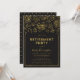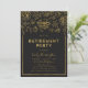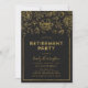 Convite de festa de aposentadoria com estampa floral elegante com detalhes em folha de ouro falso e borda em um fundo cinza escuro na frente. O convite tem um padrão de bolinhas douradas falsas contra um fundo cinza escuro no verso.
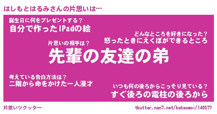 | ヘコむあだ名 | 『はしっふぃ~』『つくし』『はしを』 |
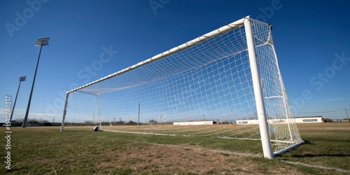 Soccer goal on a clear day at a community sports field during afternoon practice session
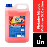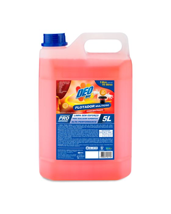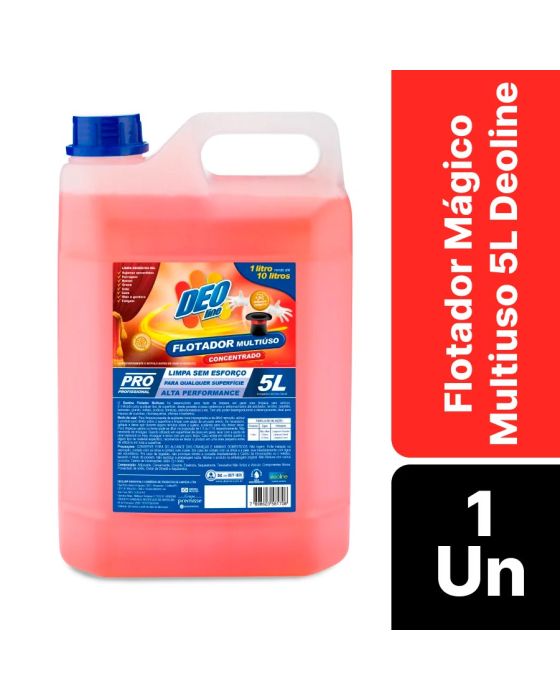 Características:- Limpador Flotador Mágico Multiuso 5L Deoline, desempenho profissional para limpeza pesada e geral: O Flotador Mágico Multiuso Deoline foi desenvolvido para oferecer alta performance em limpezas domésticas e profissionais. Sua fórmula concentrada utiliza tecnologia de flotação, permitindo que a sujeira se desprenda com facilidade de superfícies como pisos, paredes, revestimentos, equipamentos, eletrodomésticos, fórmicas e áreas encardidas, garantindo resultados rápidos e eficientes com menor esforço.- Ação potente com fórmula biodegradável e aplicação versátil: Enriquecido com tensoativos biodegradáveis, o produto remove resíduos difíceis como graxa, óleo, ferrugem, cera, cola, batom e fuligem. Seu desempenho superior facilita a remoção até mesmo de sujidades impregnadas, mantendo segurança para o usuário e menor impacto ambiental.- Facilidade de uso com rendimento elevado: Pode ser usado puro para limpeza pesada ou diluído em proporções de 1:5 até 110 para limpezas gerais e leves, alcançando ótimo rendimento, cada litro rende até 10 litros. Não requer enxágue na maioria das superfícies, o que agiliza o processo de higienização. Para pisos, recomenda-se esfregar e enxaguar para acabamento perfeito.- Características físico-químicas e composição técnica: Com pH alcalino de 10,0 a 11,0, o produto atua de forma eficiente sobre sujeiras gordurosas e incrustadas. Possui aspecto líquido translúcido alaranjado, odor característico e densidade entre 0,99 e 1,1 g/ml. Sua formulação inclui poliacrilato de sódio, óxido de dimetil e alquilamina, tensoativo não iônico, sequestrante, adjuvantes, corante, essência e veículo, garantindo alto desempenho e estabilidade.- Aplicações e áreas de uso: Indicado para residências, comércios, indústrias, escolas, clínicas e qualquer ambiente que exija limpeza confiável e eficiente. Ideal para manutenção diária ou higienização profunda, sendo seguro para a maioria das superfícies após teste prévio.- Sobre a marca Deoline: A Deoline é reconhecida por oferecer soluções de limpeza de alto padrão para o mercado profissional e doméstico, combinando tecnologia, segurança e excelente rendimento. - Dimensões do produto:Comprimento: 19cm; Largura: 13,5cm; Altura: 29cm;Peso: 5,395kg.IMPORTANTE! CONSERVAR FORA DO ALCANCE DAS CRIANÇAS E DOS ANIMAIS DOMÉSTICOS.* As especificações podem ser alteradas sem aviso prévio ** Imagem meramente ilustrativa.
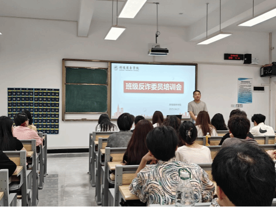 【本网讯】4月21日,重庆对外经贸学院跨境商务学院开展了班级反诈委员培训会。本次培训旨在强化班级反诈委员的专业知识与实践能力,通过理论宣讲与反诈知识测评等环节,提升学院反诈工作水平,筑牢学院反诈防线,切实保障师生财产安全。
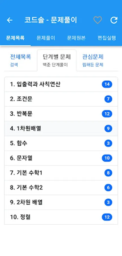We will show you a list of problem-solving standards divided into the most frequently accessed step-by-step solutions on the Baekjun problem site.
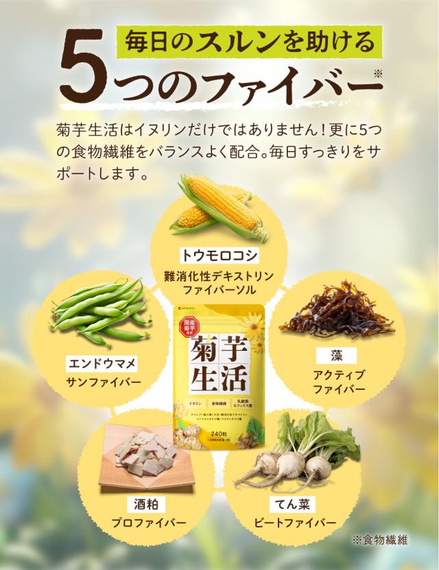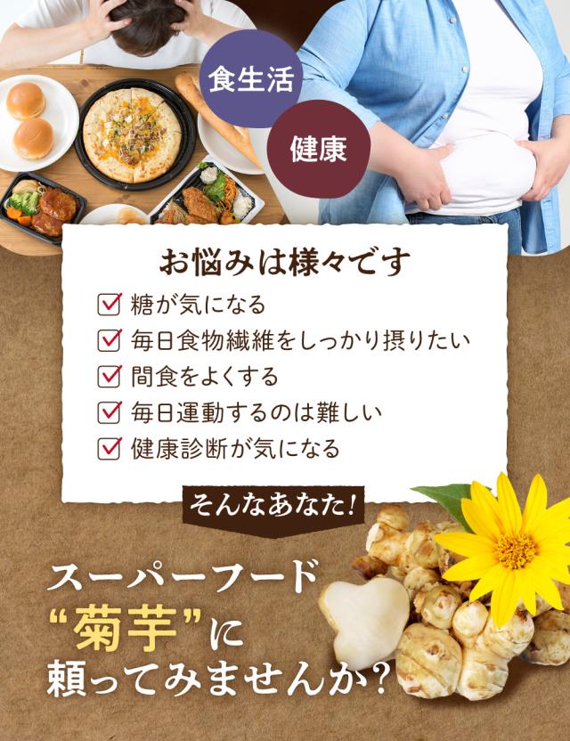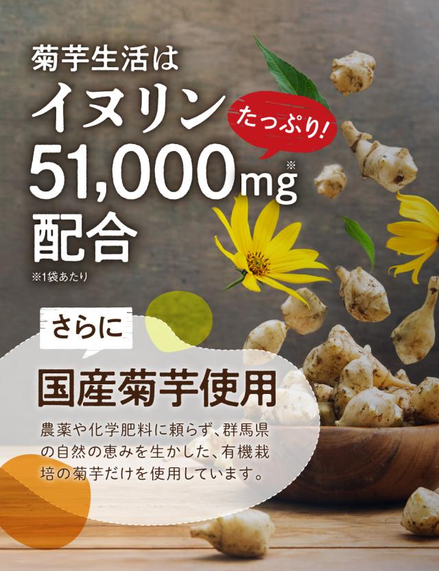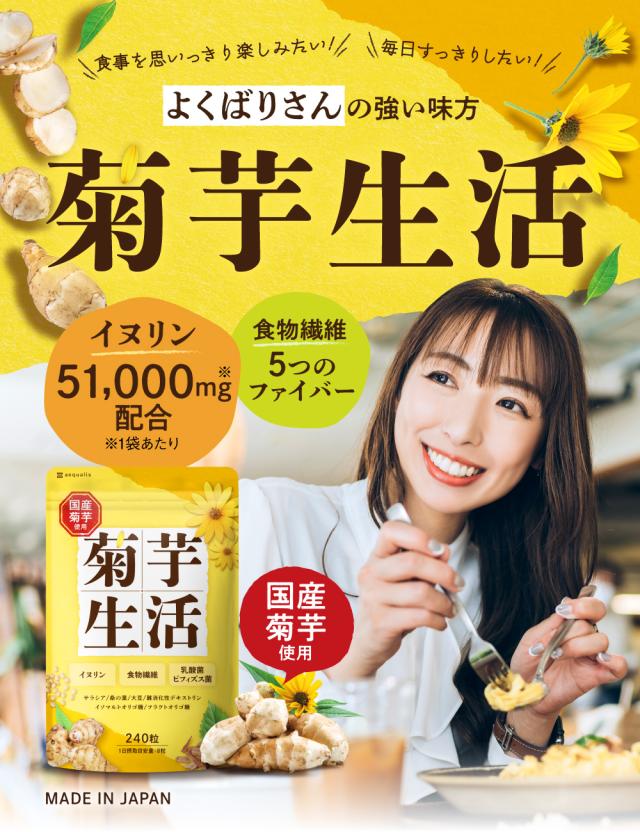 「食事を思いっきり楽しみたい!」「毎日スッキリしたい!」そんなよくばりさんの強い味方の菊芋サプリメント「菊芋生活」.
※ ※ ※
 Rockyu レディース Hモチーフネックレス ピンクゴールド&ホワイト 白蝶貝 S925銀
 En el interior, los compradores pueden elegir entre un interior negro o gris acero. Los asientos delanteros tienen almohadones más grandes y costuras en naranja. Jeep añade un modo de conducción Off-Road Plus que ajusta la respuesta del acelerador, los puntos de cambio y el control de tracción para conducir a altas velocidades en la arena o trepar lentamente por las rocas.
※ ※ ※
TASK DIRECTIONS -
In the listing above, find the line containing "Convite de festa" and the line containing "Soccer goal on". Reproduce those lines and all between them exactly, with no pictures and nothing more.

YOUR SOLUTION -
 Convite de festa de aposentadoria com estampa floral elegante com detalhes em folha de ouro falso e borda em um fundo cinza escuro na frente. O convite tem um padrão de bolinhas douradas falsas contra um fundo cinza escuro no verso.
 | ヘコむあだ名 | 『はしっふぃ~』『つくし』『はしを』 |
 Soccer goal on a clear day at a community sports field during afternoon practice session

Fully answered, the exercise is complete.